In a press release from the American Civil Liberties Union of Vermont, staff attorney Lia Ernst, who argued the case in May, called the decision a “major victory for all Vermonters, but especially for Vermonters of color like … Zullo.”
“Police have had enormous discretion to stop and search motorists, including for erroneous or pretextual reasons and on the basis of implicit or explicit bias. In ruling that police can be liable for such acts, this decision sends a clear message — no one is above the law, and if police make bad stops, they can and will be held accountable,” Ernst said.
Charity Clark, chief of staff at the Vermont attorney general’s office, said Friday afternoon that based on the length of the decision, her office was “reviewing it to decide how to best proceed from here.”
While the decision found Zullo could seek damages from the state, Zullo will not be able to directly allege racial discrimination according to a footnote.
“The state notes in its brief that (Zullo) did not make an equal protection claim or allege racial discrimination in its complaint. Although (Zullo) has consistently suggested throughout these proceedings that Trooper Hatch’s stated reasons for his actions were driven by implicit discriminatory bias, he has made no equal protection claim under the Common Benefits Clause and cannot do so on remand. He may, however, in the context of his Article 11 claim, seek to demonstrate that he can produce evidence in which a factfinder could find malice in the form of discriminatory bias, which is one of the elements established in this opinion for such a claim,” Eaton wrote.
There were no dissenting opinions to the decision.
Restoring the civil suit, the high court rejected a suggestion from the Vermont attorney general’s office that administrative action against a police officer could be a remedy for someone whose rights were violated.
“If that were the case, no damages claim would ever lie against a public official. Even if a confidential internal affairs investigation resulted in some disciplinary action against a law enforcement officer … it would offer no remedy to individuals deprived of their constitutional rights, other than the knowledge that the offending officer may or may not have been disciplined, which may or may not result in others being spared a similar deprivation of their rights,” Eaton wrote.
The decision upholds qualified immunity for police officers in many cases even though the court found the circumstances in the Zullo case to be an illegal stop.
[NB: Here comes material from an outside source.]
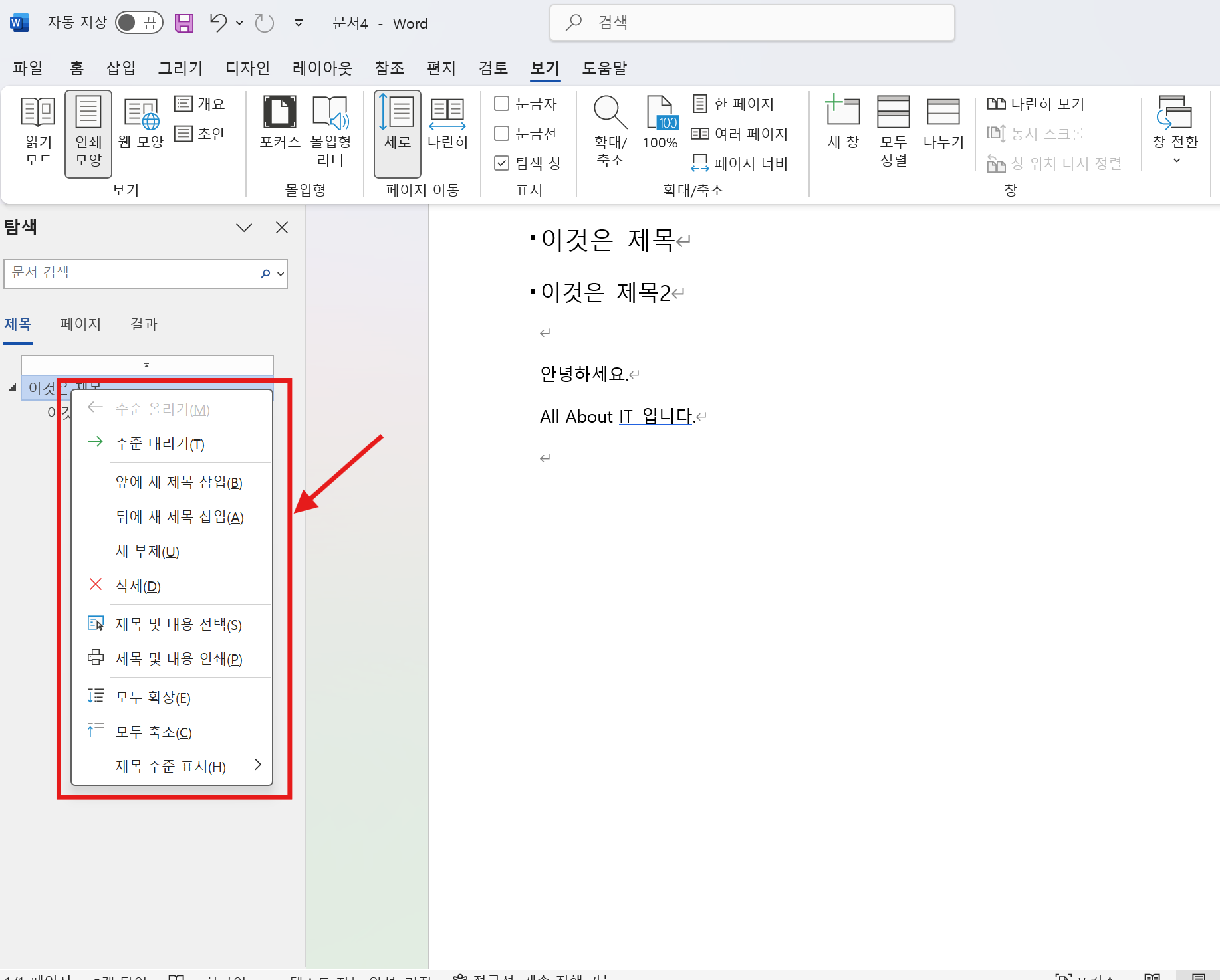 - 개요 변경 : 수준을 올리거나 내리거나 혹은 다른 기능 수행 시 마우스 탐색 창에서 마우스 우클릭하면 메뉴 나타남

“On a daily basis, law enforcement officers must make numerous decisions on how to handle interactions with citizens, particularly motorists. Even with liability falling on the State rather than the individual officer, a rule that exposes the state to a potential civil damages suit following every roadside stop, or whenever a motion to suppress is granted, could inhibit law-enforcement officers from taking some effective and constitutionally permissible actions in pursuit of public safety. This would not be an appropriate result,” Eaton wrote.